▶ _Task goal_:
In the listing below, the lines starting at the line with "记者在永州街头走访了解到,为" and ending at the line with "Heterobasidion annosum. Parasti" are to be output verbatim. Images stay out of the copy.

*** Excerpted records ***

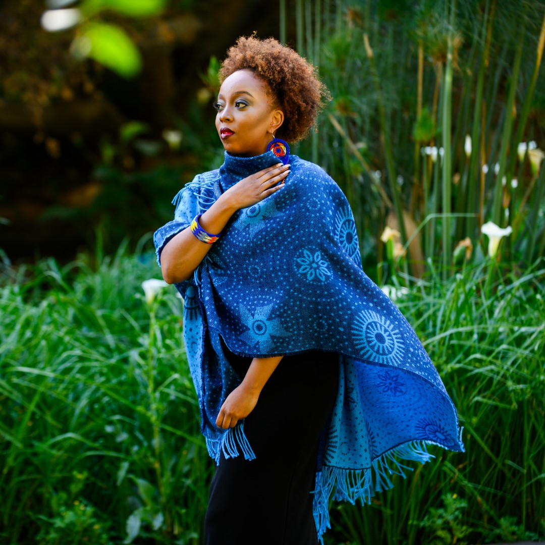 The distinctive Shweshwe fabric inspired this colourful wrap. Named after the Sotho King, Moshoeshoe 1, it is the quintessential fabric of Southern Africa.
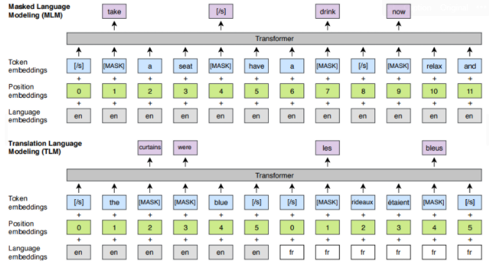 - 영어 문장에서 마스킹된 단어를 예측하기 위해 모델은 주변 영어 단어 또는 프랑스어 번역에 따라 모델이 영어와 프랑스어 표현을 맞추도록 장려
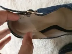 Peep Toes mezclilla Andrea. Peep Toes de tacón de corcho de 10 cm.Mezclilla, broche de piel con mezclilla, talla 4.5.
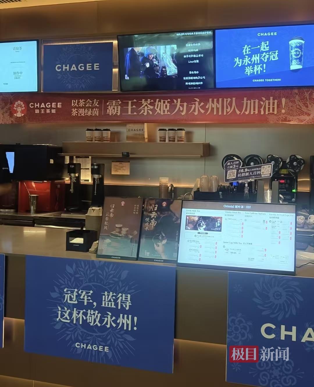 记者在永州街头走访了解到,为庆祝永州夺冠,当地的霸王茶姬奶茶店也推出了特别免单优惠,顾客只要在规定时间段到店对店员喊出对应口令,扫码就可兑换一杯奶茶。霸王茶姬永州万达店的一名工作人员介绍,27日晚上送出了一百多杯,28日晚上7点到10点预计还要送出1000杯。
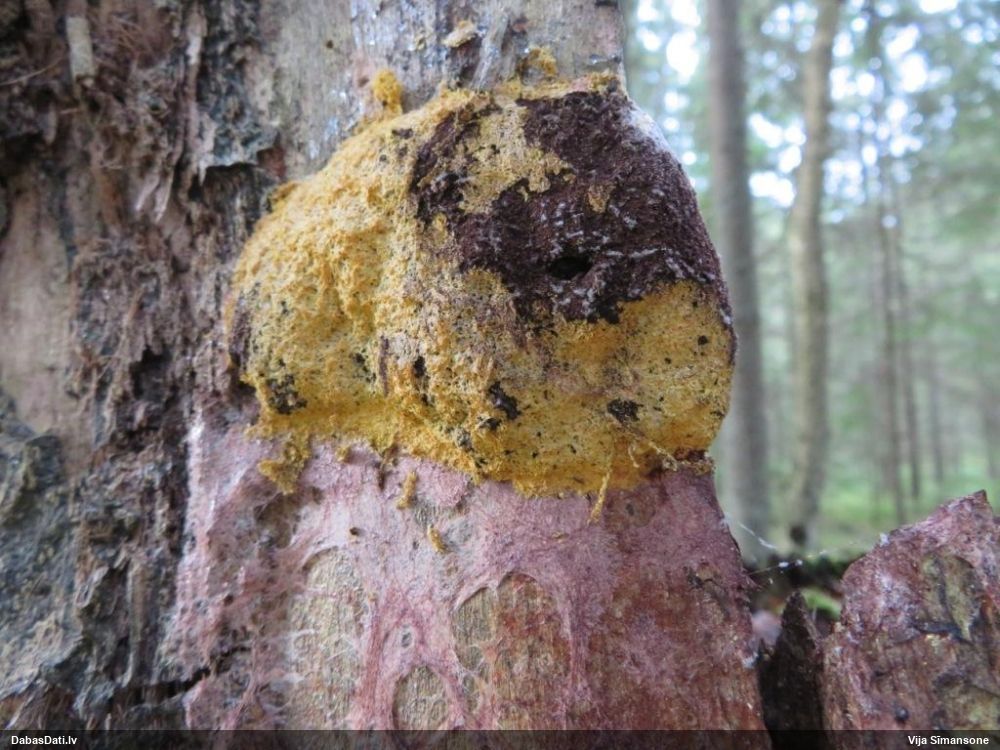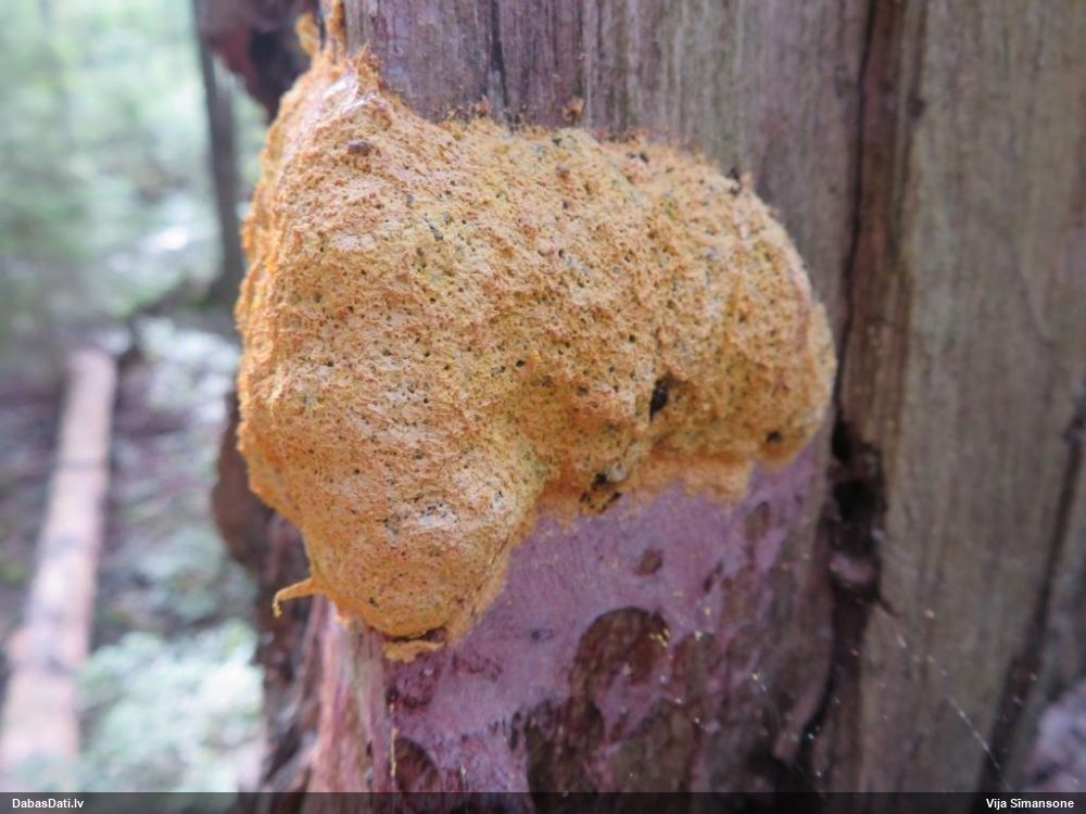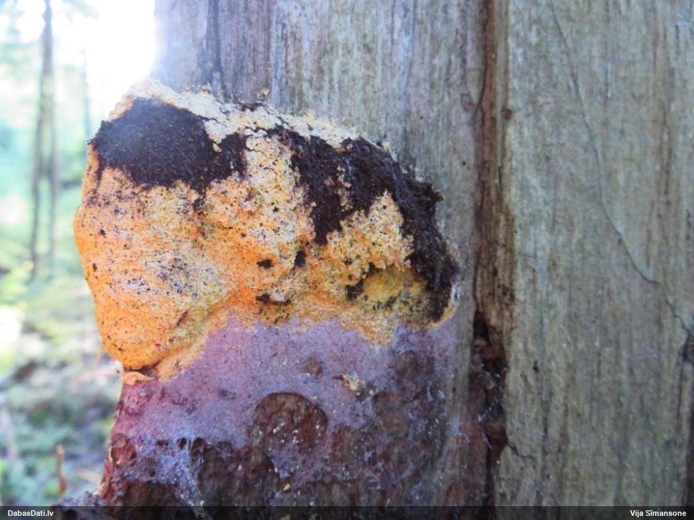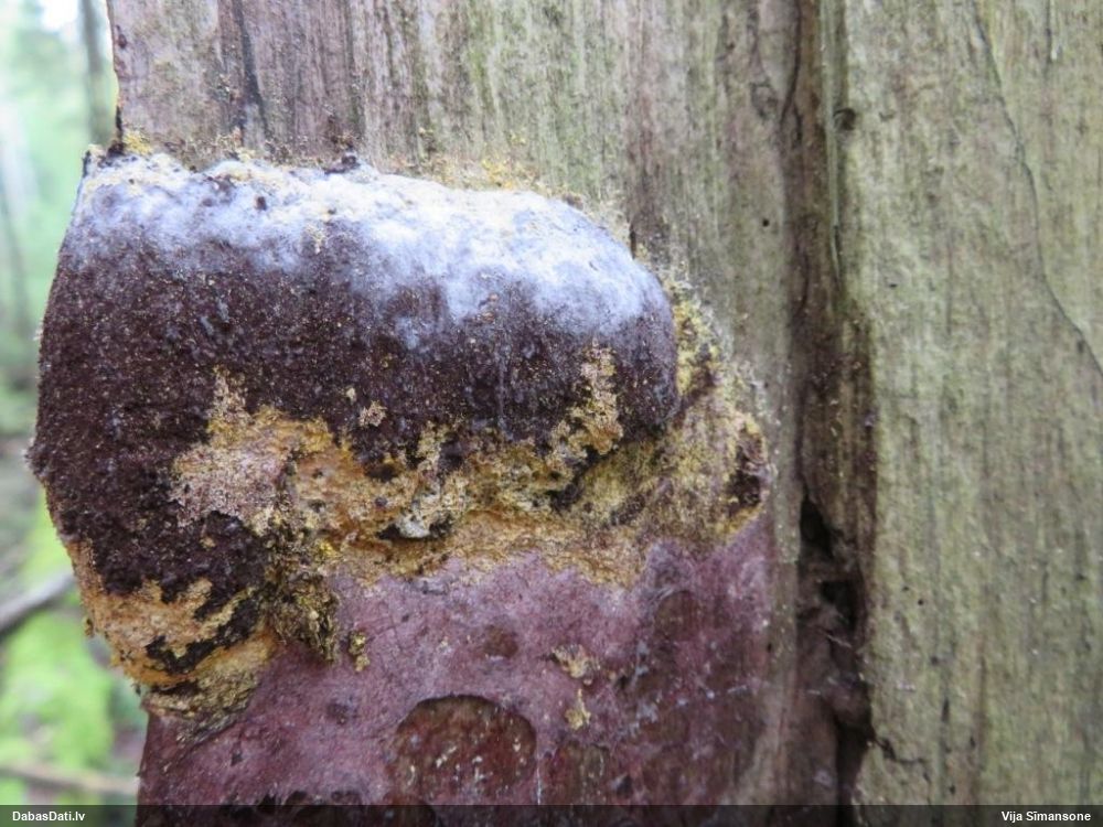 Heterobasidion annosum. Parasti uz priedēm, retāk uz citiem skuju kokiem, vēl retāk uz lapu kokiem, t.sk. uz bērziem.
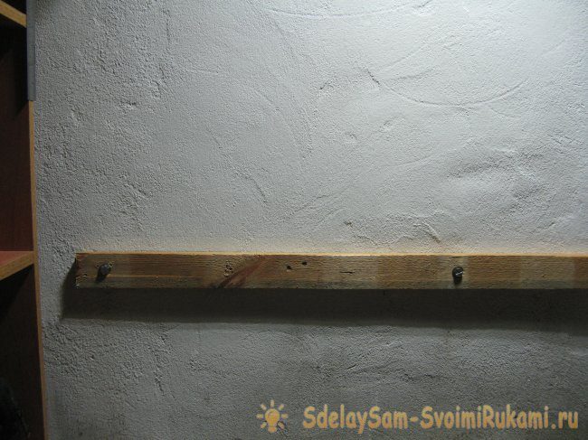 Прикручиваем брусок к стене на саморезы, предварительно установил шайбы.
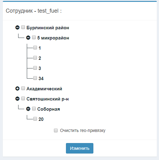 | Очистить гео-привязку | Удаляет все привязанные адреса к сотруднику |
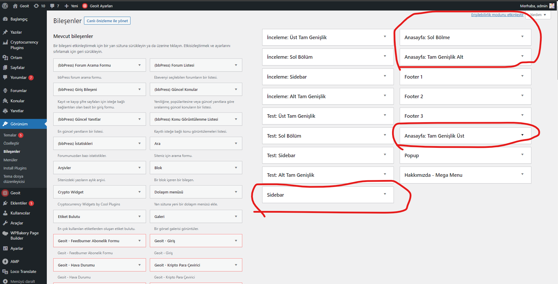 - Anasayfada gözükecek olanlar: Anasayfa: Tam Genişlik Üst, Anasayfa: Tam Genişlik Alt, Anasayfa: Sol Bölme ve Sidebar.
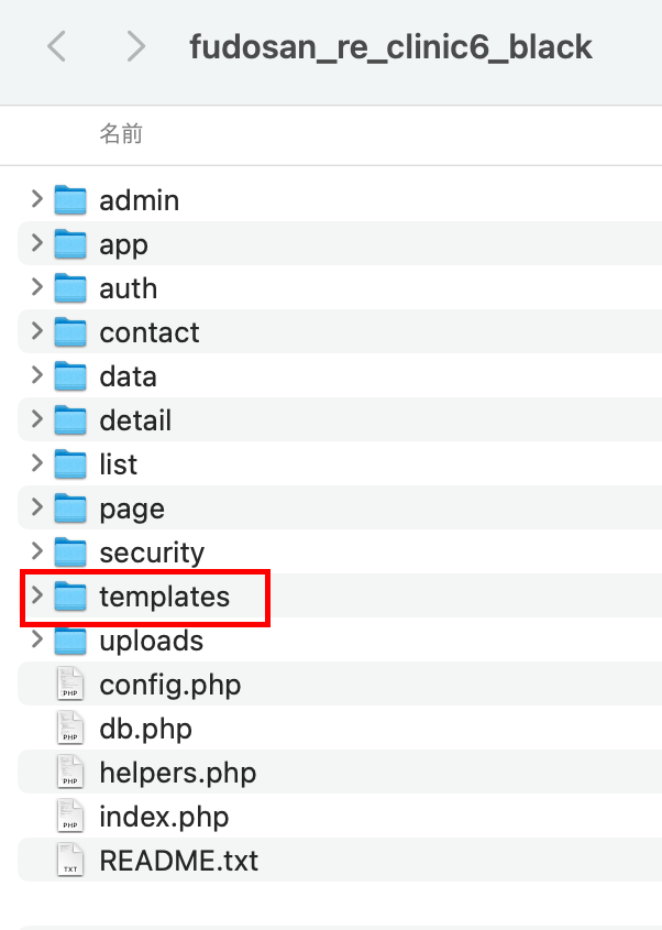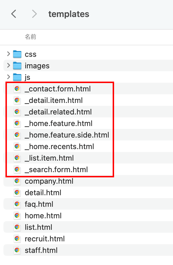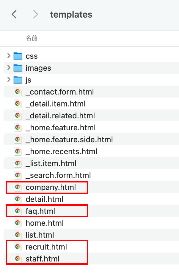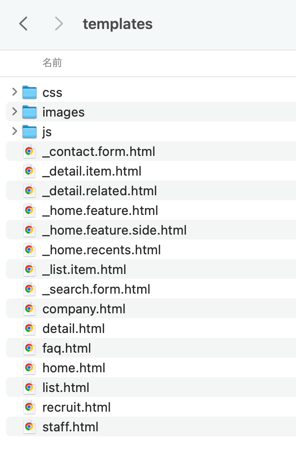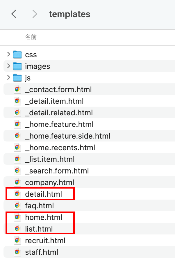 home.html、list.html、detail.htmlがテンプレートの骨格ファイルで必須です。

*** End of Excerpted records ***

▶ _Exercise response_:
 记者在永州街头走访了解到,为庆祝永州夺冠,当地的霸王茶姬奶茶店也推出了特别免单优惠,顾客只要在规定时间段到店对店员喊出对应口令,扫码就可兑换一杯奶茶。霸王茶姬永州万达店的一名工作人员介绍,27日晚上送出了一百多杯,28日晚上7点到10点预计还要送出1000杯。
 Heterobasidion annosum. Parasti uz priedēm, retāk uz citiem skuju kokiem, vēl retāk uz lapu kokiem, t.sk. uz bērziem.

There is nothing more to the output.